Spatial OLAP (SOLAP) technologies are dedicated to multidimensional analysis of large volumes of (spatial) data. Spatal data are subject to different types of uncertainty, in particular spatial vagueness. Although several researches propose new models to cope with spatial vagueness, their integration in SOLAP systems is still in an embryonic state. Also, analyzing multidimensional data with metadata brought by the exploitation of the new models can be too complex and demanding for decision makers. To help reduce spatial vagueness consequences on the exactness of SOLAP analysis queries, the authors present a new approach for designing SOLAP datacubes based on end-users' tolerance to the risks of misinterpretation of fact data. An experimentation of the new approach on agri-environmental data is also proposed.
TopIntroduction
Spatial Online Analytical Processing (SOLAP) technologies are dedicated to multidimensional analysis of large volumes of (spatial) data (Bimonte, Boulil, Pradel, & Chanet, 2012). This type of OLAP systems includes spatial measures or spatial dimensions.
Spatial data always suffer from some levels of uncertainty. Not dealing with uncertainty when making high-level decisions based on SOLAP aggregated data increases the risks of data misinterpretations (Gervais, Bédard, Levesque, Bernier, & Devillers, 2009). This leads to faulty trend analysis, missed problems and inexact comparisons between regions or periods. The uncertainty is the result of semantic imprecision, logical inconsistency, temporal incoherence, etc. and/or spatial vagueness (Lotfi Bejaoui, 2009). In particular, spatial vagueness refers to a frequent imperfection on boundaries or spatial location of represented geographical objects (e.g. forest, fire, lake). To deal with uncertainty in SOLAP systems, two main approaches are investigated. The first one tries to reduce uncertainty (overabundance of observations to increase spatial precision for example) from the data or to provide decision-makers with visual feedbacks about the uncertainty (Bimonte, Nazih, Kang, Edoh-Alove, & Rizzi, 2013; Lévesque, 2008; Worboys, 1998). The second one proposes to handle uncertainty issues by using new uncertainty-aware spatio-multidimensional models and operators {Jadidi, 2012 #750;Siqueira, 2012 #652} (Jadidi, Mostafavi, Bédard, & Long, 2012; Perez, Somodevilla, & Pineda, 2007; Siqueira, Aguiar Ciferri, Times, & Ciferri, 2012), that are based on the representation of the vague objects with fuzzy or exact models. Nonetheless their implementation is still in an embryonic state.
Motivated by the desire to offer a solution that presents a symbiotic trade-off between the theoretical accuracy on spatial vagueness, the implementation feasibility in current technologies and the usability by intended end-users, we come up with a third approach: instead of dealing with the complexity of manipulating complex vague objects models in SOLAP systems, we propose to manage the risks of SOLAP datacubes misinterpretations, related to spatial vagueness, that the end-users incur. In particular, we are interested in two types of risks of misinterpretation which are the Risk-Geometry (related to the vagueness of the geometric members of the level) and the Risk-Aggregation (risk related to the aggregation formula used to compute measures for a given level).

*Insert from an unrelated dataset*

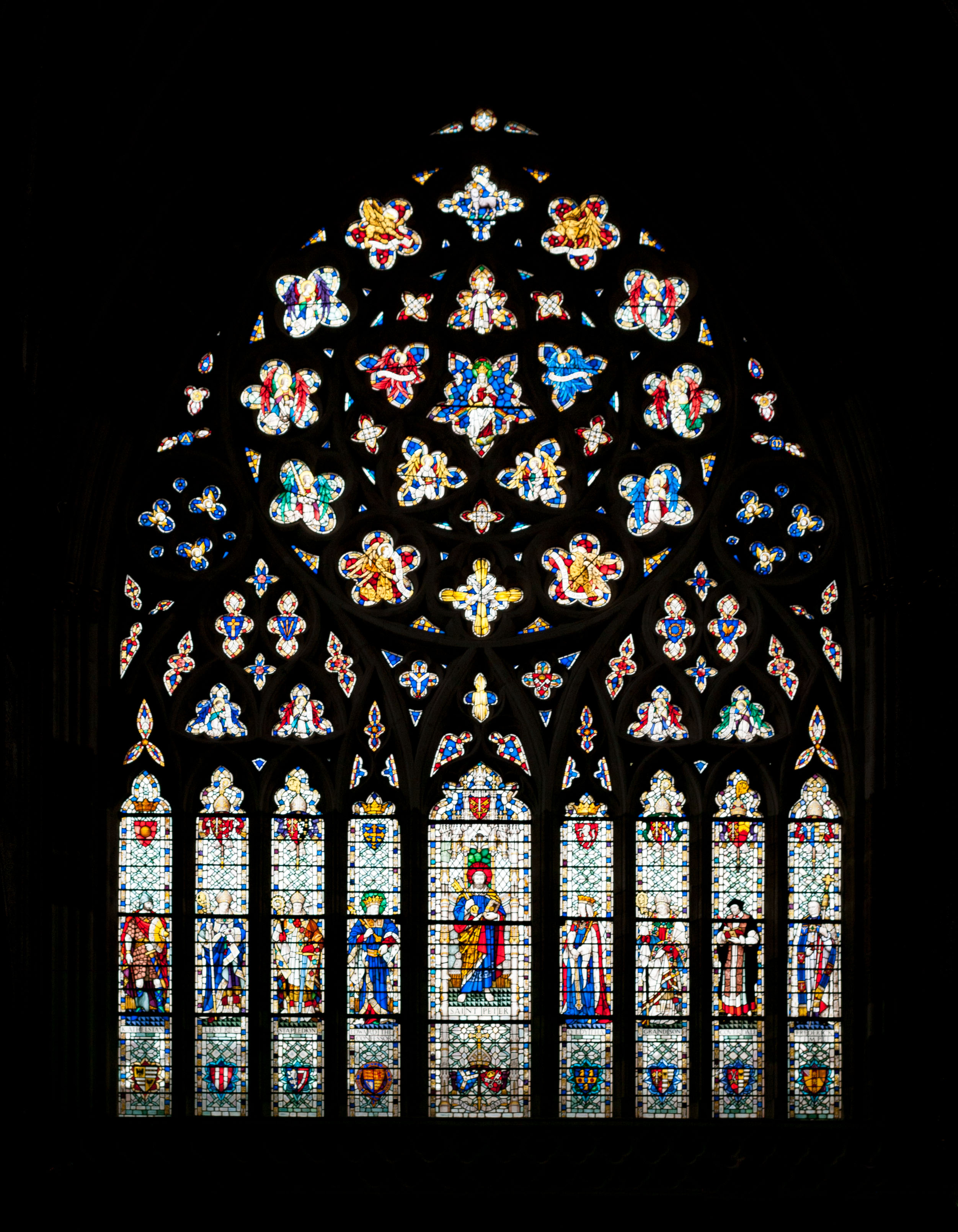 Stained glass window of Exeter Cathedral

To do so, we define a new SOLAP datacubes design approach that can take those risks into account during the datacubes modeling process. Such approach leads to the development of a classical SOLAP datacube which not only fits the end-users’ usage, but can also be implemented in existing (commercial) SOLAP tools and explored with classical SOLAP operators.
It extends existing methodologies with three main elements. First, our new approach takes simultaneously into account available data sources, end-users’ needs and end-users’ tolerance levels to “well-identified risks of SOLAP datacubes misinterpretations due to spatial vagueness issues”. Second, it delivers to end-users, different versions of SOLAP datacubes (according to their tolerance levels) where the possibility of making erroneous SOLAP analyses is minimized. Third, it enriches the SOLAP datacubes elements with visualization policies to properly communicate risks of misinterpretations to end-users if necessary.
The paper is organized as follows: Section 2 presents a the state-of-the-art on spatial vagueness management in SOLAP systems; motivation of our work using an agicultural case study is presented in Section 3; in section 4, we define and classify the risk of misinterpretation before moving on to defining our new risk-aware design approach requirements as well as the whole new design process proposed in section 5; in section 6 we detail our contributions regarding the risk of misinterpretation assessment and management in the new approach; finally the approach is tested on the case study in section 7.